This is an unbiased estimator of the true gradient. We can estimate it from samples without knowing the environment dynamics.

6
Causality: Use Future Rewards Only

A key insight: past rewards cannot be influenced by current actions. We can replace $R(\tau)$ with future reward (reward-to-go):

$$\nabla_\theta J(\theta) = \mathbb{E}_{\tau \sim \pi_\theta}\left[\sum_{t=0}^T \nabla_\theta \log \pi_\theta(a_t \mid s_t) \cdot \sum_{t'=t}^T \gamma^{t'-t} r_{t'}\right]$$

This reduces variance without introducing bias! The term $\sum_{t'=t}^T \gamma^{t'-t} r_{t'}$ is the sample estimate of $Q^{\pi_\theta}(s_t, a_t)$.

7
Final Form: The Policy Gradient Theorem

The complete, general form of the Policy Gradient Theorem (Sutton et al., 2000):

$$\boxed{\nabla_\theta J(\theta) = \mathbb{E}_{\tau \sim \pi_\theta}\left[\sum_{t=0}^{T} \nabla_\theta \log \pi_\theta(a_t \mid s_t) \cdot Q^{\pi_\theta}(s_t, a_t)\right]}$$

This holds for both episodic and continuing tasks.
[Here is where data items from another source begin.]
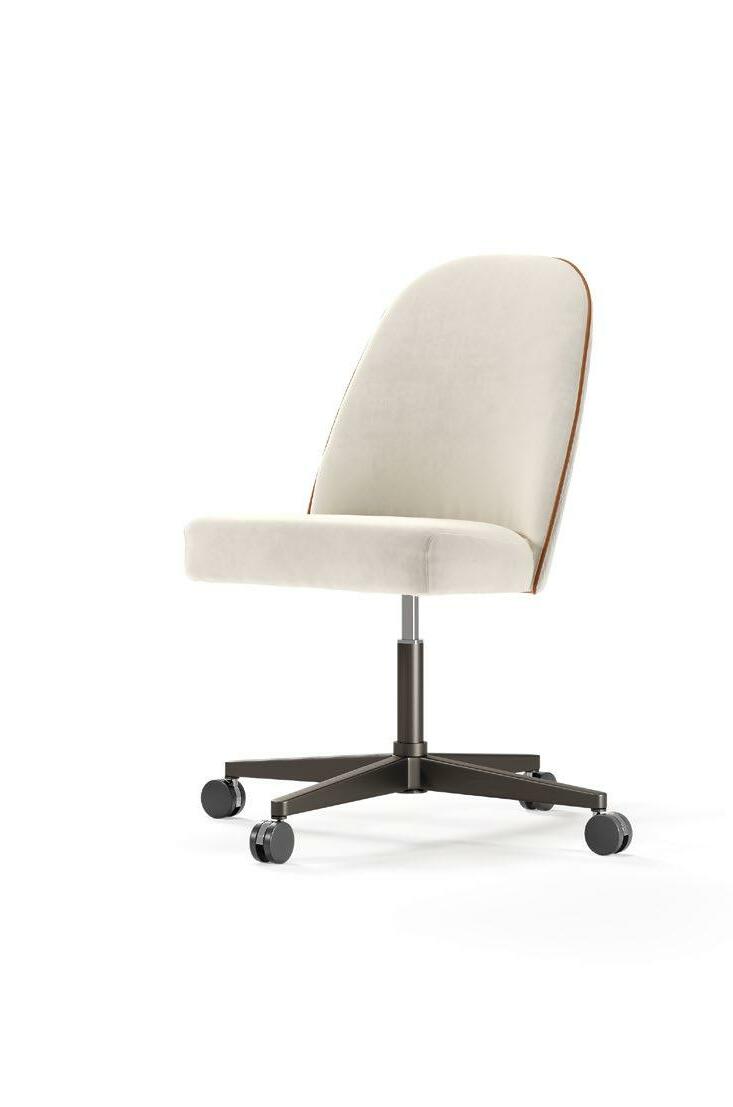 ZENITH HIGH CHAIR OFFICE Design Marco Cocco Structure upholstered in leather Colorata Cognac Base in Bronze finish with wheels 77 x 84 x (46) 120 h Curved shape detail in leather Cat. C Bianco UFFICIO OFFICE CONSOLLE CONSOLES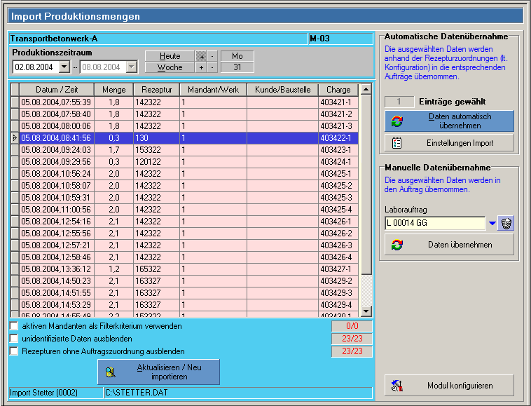 Übernahme von Produktionsdaten (produzierte Sorten, Mengen) aus Mischersteuerungen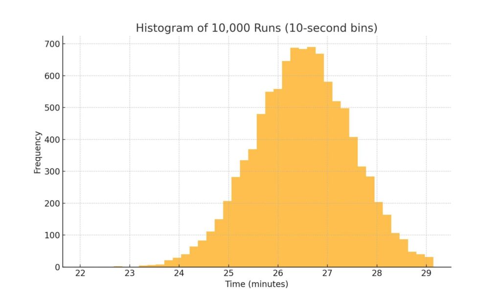 具体例で説明していきましょう。スタ丸に(スペシャルドリンクを飲まずに)10000回走ってもらうことを考えてみます。ヒストグラムは以下のとおりです。普通に10000回走ってみて、早いものから5%のタイム(10000回中500番目のタイム。5%点や5百分位点といいます)より早ければ、通常の誤差ではなく、スペシャルドリンクに効果があるという判定方法が考えられます。ブルーベアを飲んだときのタイム(24分54秒)は、5%点の25分9秒より早いので、ブルーベアには早くなる効果がある、といった感じです。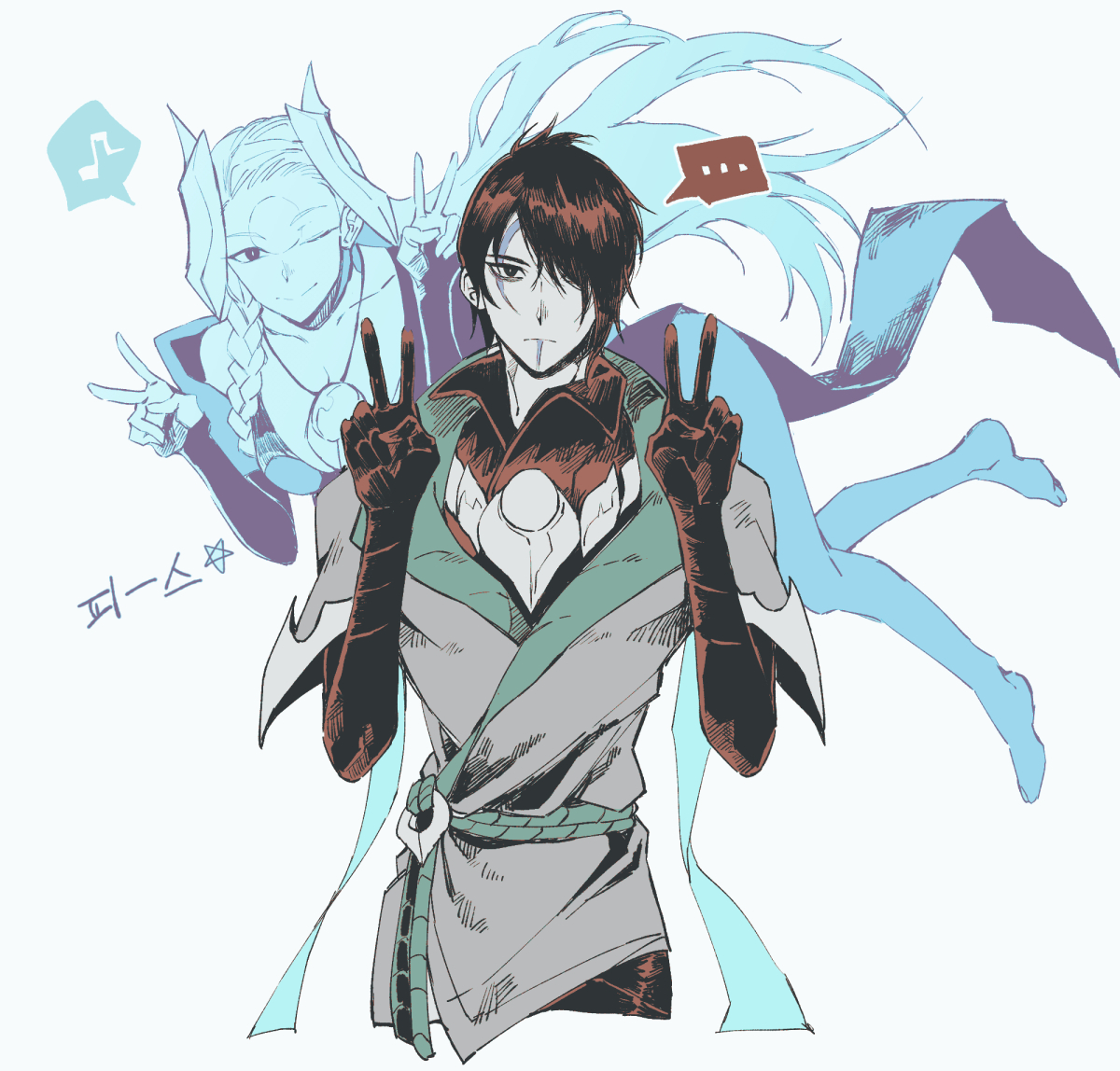 ... 1boy 1girl alune_(league_of_legends) aphelios black_eyes braid breasts brother_and_sister brown_hair closed_mouth collarbone commentary_request cropped_torso double_v elbow_gloves facial_mark gloves grey_background hair_over_one_eye hands_up large_breasts league_of_legends liv_(libeu) long_hair short_hair short_sleeves siblings simple_background speech_bubble spoken_ellipsis v

The key components are:

  • $\nabla_\theta \log \pi_\theta(a_t \mid s_t)$ — the score function (how to increase log-prob of $a_t$)
  • $Q^{\pi_\theta}(s_t, a_t)$ — the quality signal (how good was this action?)
✨ Key Insight

The gradient says: move $\theta$ to increase the log-probability of action $a_t$, but scale this increase by how good that action was (its Q-value). High-reward actions get amplified; low-reward actions get suppressed.

§05

REINFORCE Algorithm

REINFORCE (Williams, 1992) is the simplest instantiation of the policy gradient theorem. It estimates $Q^{\pi}(s_t, a_t)$ using Monte Carlo returns—complete trajectory rollouts.

$$\hat{G}_t = \sum_{t'=t}^{T} \gamma^{t'-t} r_{t'} \quad \text{(Monte Carlo return)}$$

The REINFORCE update rule:

$$\theta \leftarrow \theta + \alpha \sum_{t=0}^T \nabla_\theta \log \pi_\theta(a_t \mid s_t) \cdot \hat{G}_t$$
Algorithm: REINFORCE
Initialize policy parameters θ randomly
for episode = 1, 2, 3, ... do
// Collect a full trajectory using current policy
τ = {s₀,a₀,r₀, s₁,a₁,r₁, ..., s_T} ~ π_θ
for t = 0, 1, ..., T do
Ĝ_t = Σ_{t'=t}^{T} γ^{t'−t} r_{t'} // Monte Carlo return
end for
// Gradient ascent on expected return
θ ← θ + α · Σ_t ∇_θ log π_θ(a_t|s_t) · Ĝ_t
end for
⚠ High Variance Problem

REINFORCE is unbiased but suffers from very high variance. Different trajectories starting from the same state can yield vastly different $\hat{G}_t$ values due to stochasticity. This makes learning slow and unstable. The solution: baselines and advantage functions (next section).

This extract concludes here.